**The task**
Each record that follows is to be reproduced character for character, pictures excepted.

**Data section**
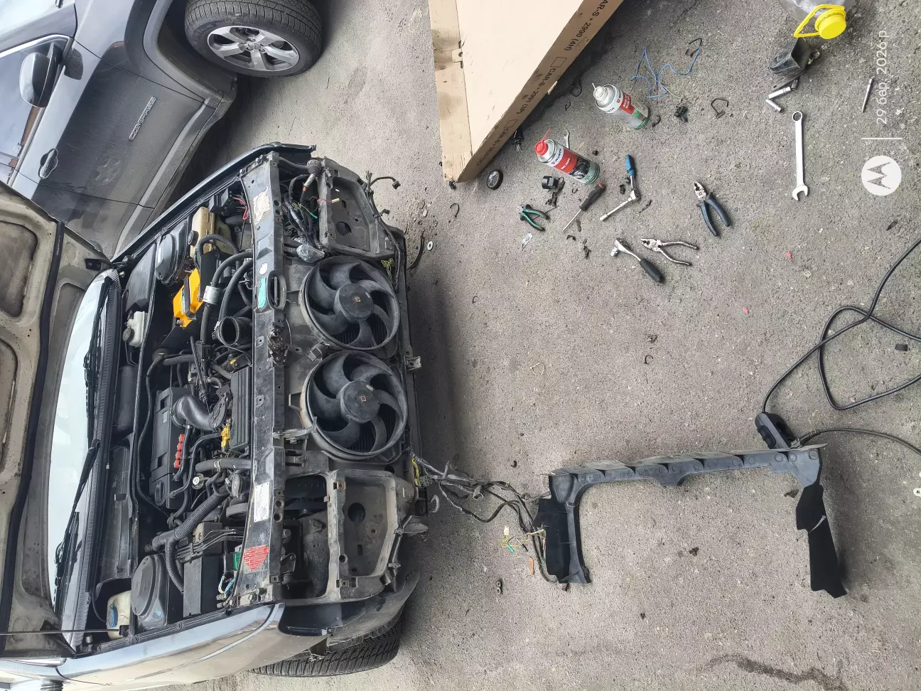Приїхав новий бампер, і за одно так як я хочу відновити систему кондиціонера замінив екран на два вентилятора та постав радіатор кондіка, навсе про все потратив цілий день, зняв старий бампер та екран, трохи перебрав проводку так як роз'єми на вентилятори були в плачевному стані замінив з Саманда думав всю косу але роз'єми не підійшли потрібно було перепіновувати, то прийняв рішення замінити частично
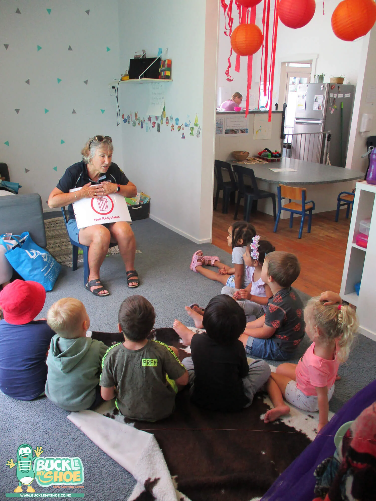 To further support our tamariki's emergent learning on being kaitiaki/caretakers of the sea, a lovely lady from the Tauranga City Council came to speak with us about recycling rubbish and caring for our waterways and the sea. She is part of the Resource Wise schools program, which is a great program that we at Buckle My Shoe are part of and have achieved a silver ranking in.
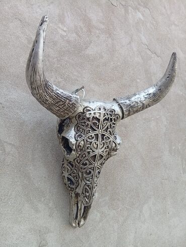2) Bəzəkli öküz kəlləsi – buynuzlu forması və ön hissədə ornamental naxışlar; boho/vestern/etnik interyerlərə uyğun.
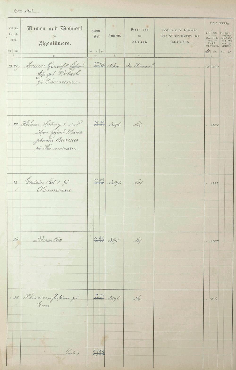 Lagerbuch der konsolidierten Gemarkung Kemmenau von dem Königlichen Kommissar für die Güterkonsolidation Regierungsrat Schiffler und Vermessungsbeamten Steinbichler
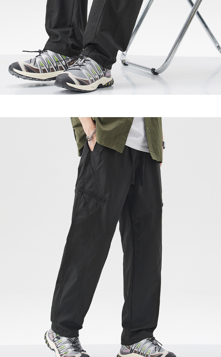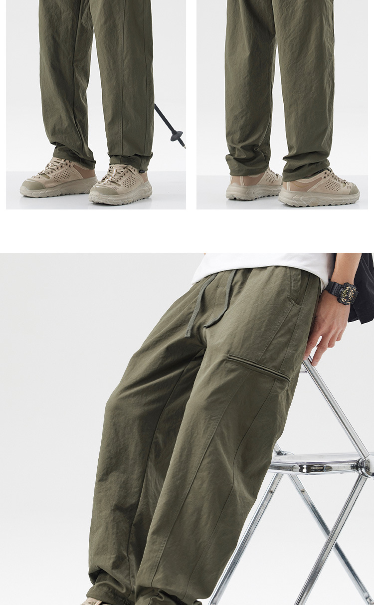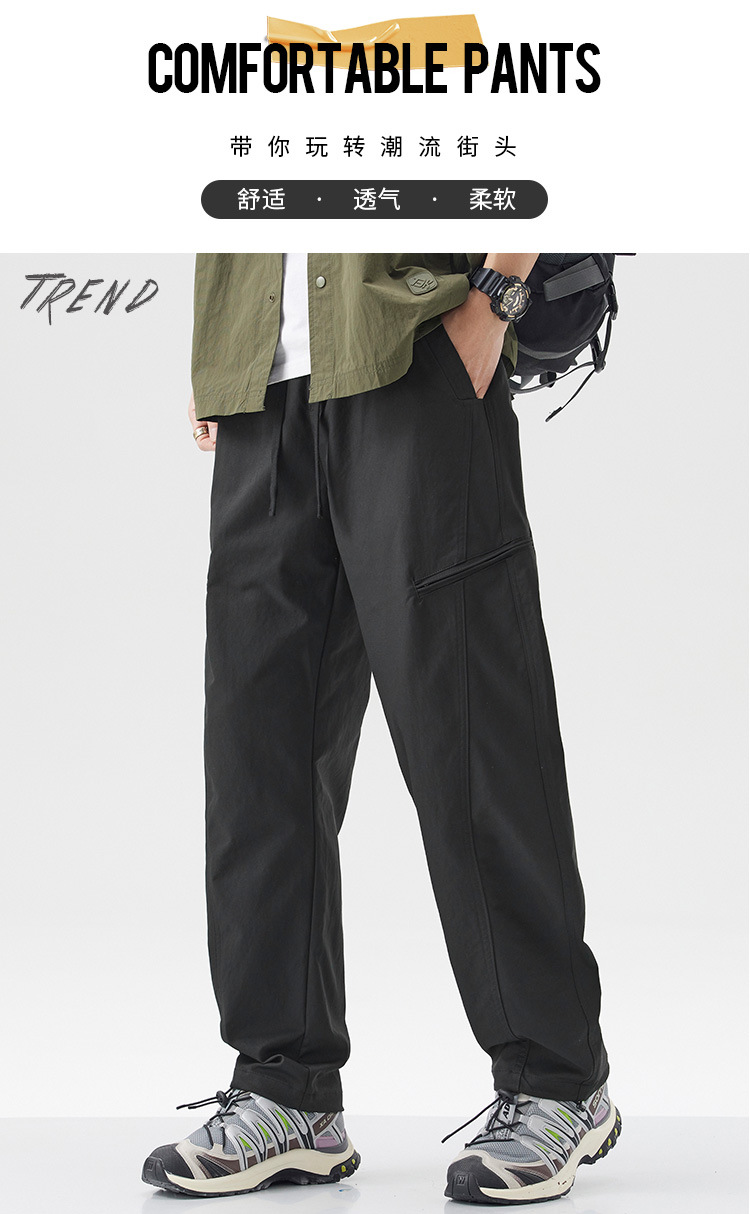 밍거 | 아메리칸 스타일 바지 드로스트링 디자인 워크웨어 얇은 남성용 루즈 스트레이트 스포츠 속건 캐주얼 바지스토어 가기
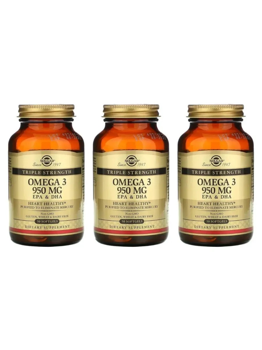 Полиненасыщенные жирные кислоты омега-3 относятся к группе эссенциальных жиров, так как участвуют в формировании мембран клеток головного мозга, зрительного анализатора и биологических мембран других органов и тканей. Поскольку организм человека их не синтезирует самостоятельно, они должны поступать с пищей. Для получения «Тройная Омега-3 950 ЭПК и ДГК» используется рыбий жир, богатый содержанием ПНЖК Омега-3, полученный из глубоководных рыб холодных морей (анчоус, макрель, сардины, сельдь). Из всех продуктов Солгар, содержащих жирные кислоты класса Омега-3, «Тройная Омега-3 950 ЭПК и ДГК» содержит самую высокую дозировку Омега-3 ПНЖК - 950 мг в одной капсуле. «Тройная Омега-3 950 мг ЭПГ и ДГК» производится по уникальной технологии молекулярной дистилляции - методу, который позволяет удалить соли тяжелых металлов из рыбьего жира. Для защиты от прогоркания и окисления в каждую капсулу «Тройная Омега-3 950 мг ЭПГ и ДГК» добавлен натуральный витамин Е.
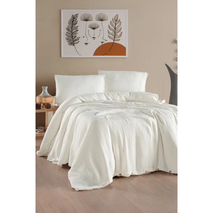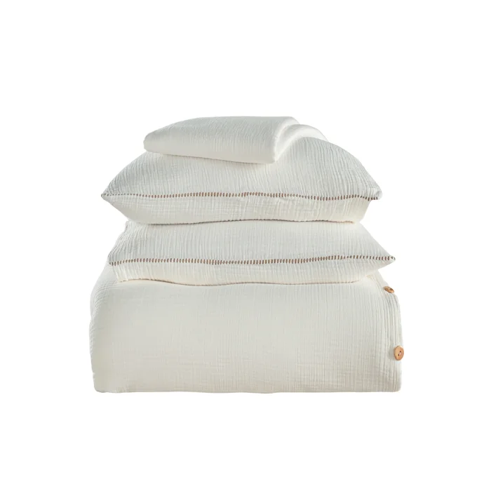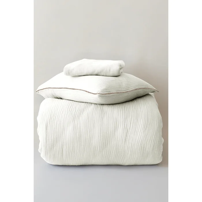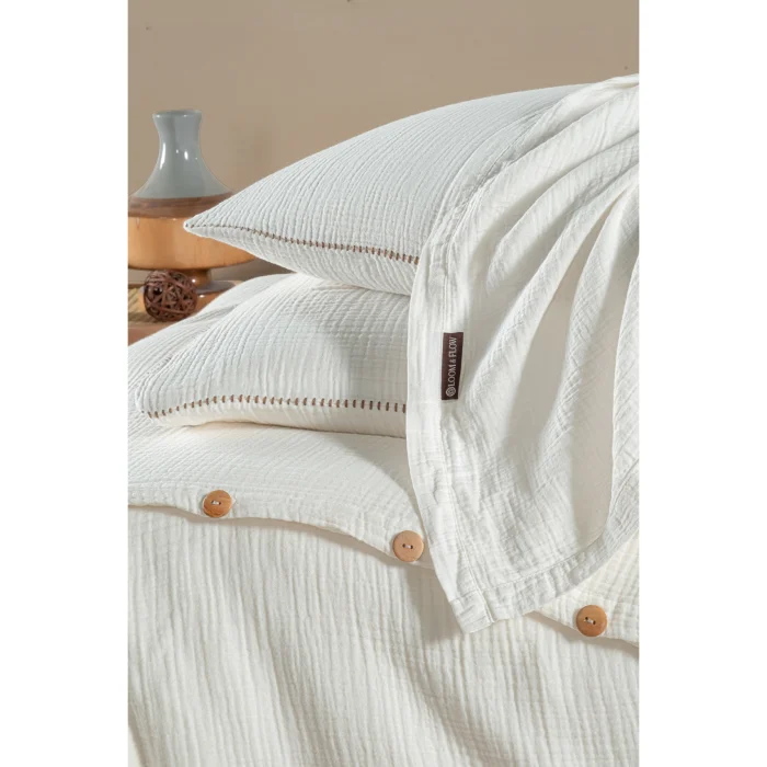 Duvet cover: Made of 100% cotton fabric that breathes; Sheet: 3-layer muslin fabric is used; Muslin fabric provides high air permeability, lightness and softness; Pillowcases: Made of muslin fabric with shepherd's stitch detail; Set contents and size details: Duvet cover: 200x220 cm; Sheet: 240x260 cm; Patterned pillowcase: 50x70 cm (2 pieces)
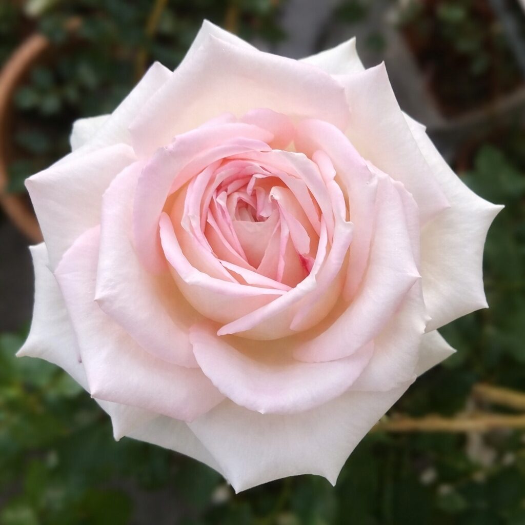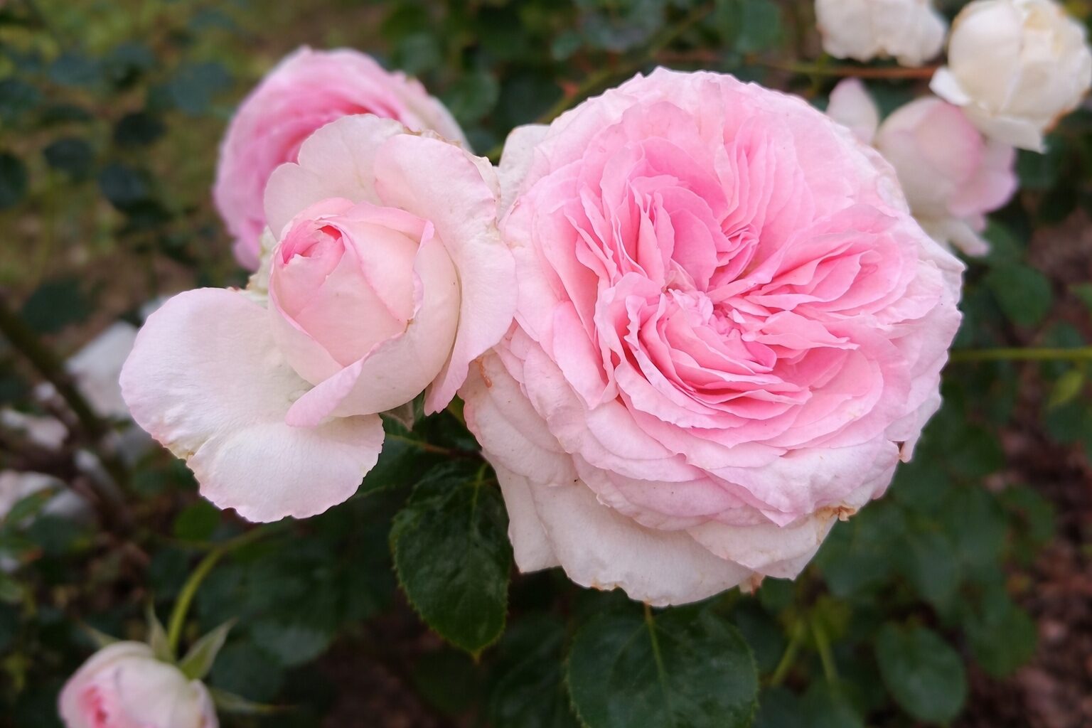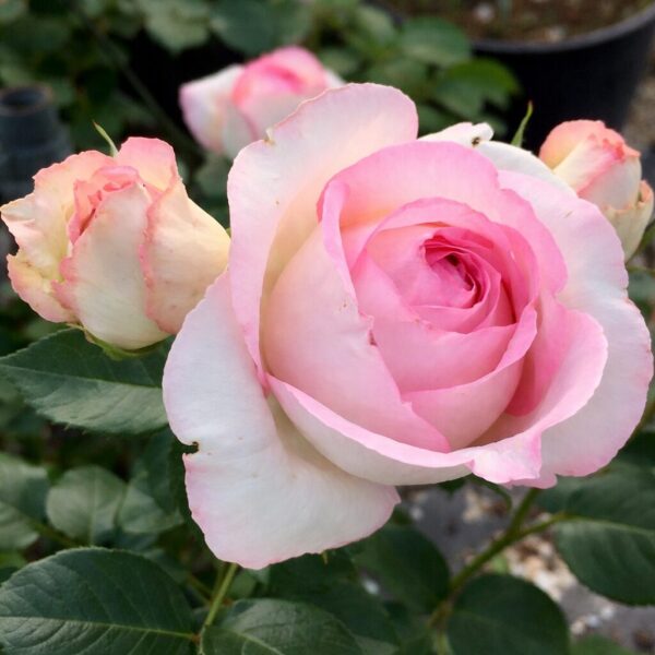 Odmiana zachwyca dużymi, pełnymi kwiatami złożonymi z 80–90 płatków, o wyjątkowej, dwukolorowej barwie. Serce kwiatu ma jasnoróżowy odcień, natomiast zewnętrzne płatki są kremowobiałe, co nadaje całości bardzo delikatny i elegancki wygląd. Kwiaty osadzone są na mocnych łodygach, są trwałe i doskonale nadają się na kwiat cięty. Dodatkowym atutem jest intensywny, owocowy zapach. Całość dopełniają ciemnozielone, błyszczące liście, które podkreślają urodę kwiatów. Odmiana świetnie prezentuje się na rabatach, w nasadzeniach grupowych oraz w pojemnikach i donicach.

**Task solution**
Приїхав новий бампер, і за одно так як я хочу відновити систему кондиціонера замінив екран на два вентилятора та постав радіатор кондіка, навсе про все потратив цілий день, зняв старий бампер та екран, трохи перебрав проводку так як роз'єми на вентилятори були в плачевному стані замінив з Саманда думав всю косу але роз'єми не підійшли потрібно було перепіновувати, то прийняв рішення замінити частично
 To further support our tamariki's emergent learning on being kaitiaki/caretakers of the sea, a lovely lady from the Tauranga City Council came to speak with us about recycling rubbish and caring for our waterways and the sea. She is part of the Resource Wise schools program, which is a great program that we at Buckle My Shoe are part of and have achieved a silver ranking in.
2) Bəzəkli öküz kəlləsi – buynuzlu forması və ön hissədə ornamental naxışlar; boho/vestern/etnik interyerlərə uyğun.
 Lagerbuch der konsolidierten Gemarkung Kemmenau von dem Königlichen Kommissar für die Güterkonsolidation Regierungsrat Schiffler und Vermessungsbeamten Steinbichler
 밍거 | 아메리칸 스타일 바지 드로스트링 디자인 워크웨어 얇은 남성용 루즈 스트레이트 스포츠 속건 캐주얼 바지스토어 가기
 Полиненасыщенные жирные кислоты омега-3 относятся к группе эссенциальных жиров, так как участвуют в формировании мембран клеток головного мозга, зрительного анализатора и биологических мембран других органов и тканей. Поскольку организм человека их не синтезирует самостоятельно, они должны поступать с пищей. Для получения «Тройная Омега-3 950 ЭПК и ДГК» используется рыбий жир, богатый содержанием ПНЖК Омега-3, полученный из глубоководных рыб холодных морей (анчоус, макрель, сардины, сельдь). Из всех продуктов Солгар, содержащих жирные кислоты класса Омега-3, «Тройная Омега-3 950 ЭПК и ДГК» содержит самую высокую дозировку Омега-3 ПНЖК - 950 мг в одной капсуле. «Тройная Омега-3 950 мг ЭПГ и ДГК» производится по уникальной технологии молекулярной дистилляции - методу, который позволяет удалить соли тяжелых металлов из рыбьего жира. Для защиты от прогоркания и окисления в каждую капсулу «Тройная Омега-3 950 мг ЭПГ и ДГК» добавлен натуральный витамин Е.
 Duvet cover: Made of 100% cotton fabric that breathes; Sheet: 3-layer muslin fabric is used; Muslin fabric provides high air permeability, lightness and softness; Pillowcases: Made of muslin fabric with shepherd's stitch detail; Set contents and size details: Duvet cover: 200x220 cm; Sheet: 240x260 cm; Patterned pillowcase: 50x70 cm (2 pieces)
 Odmiana zachwyca dużymi, pełnymi kwiatami złożonymi z 80–90 płatków, o wyjątkowej, dwukolorowej barwie. Serce kwiatu ma jasnoróżowy odcień, natomiast zewnętrzne płatki są kremowobiałe, co nadaje całości bardzo delikatny i elegancki wygląd. Kwiaty osadzone są na mocnych łodygach, są trwałe i doskonale nadają się na kwiat cięty. Dodatkowym atutem jest intensywny, owocowy zapach. Całość dopełniają ciemnozielone, błyszczące liście, które podkreślają urodę kwiatów. Odmiana świetnie prezentuje się na rabatach, w nasadzeniach grupowych oraz w pojemnikach i donicach.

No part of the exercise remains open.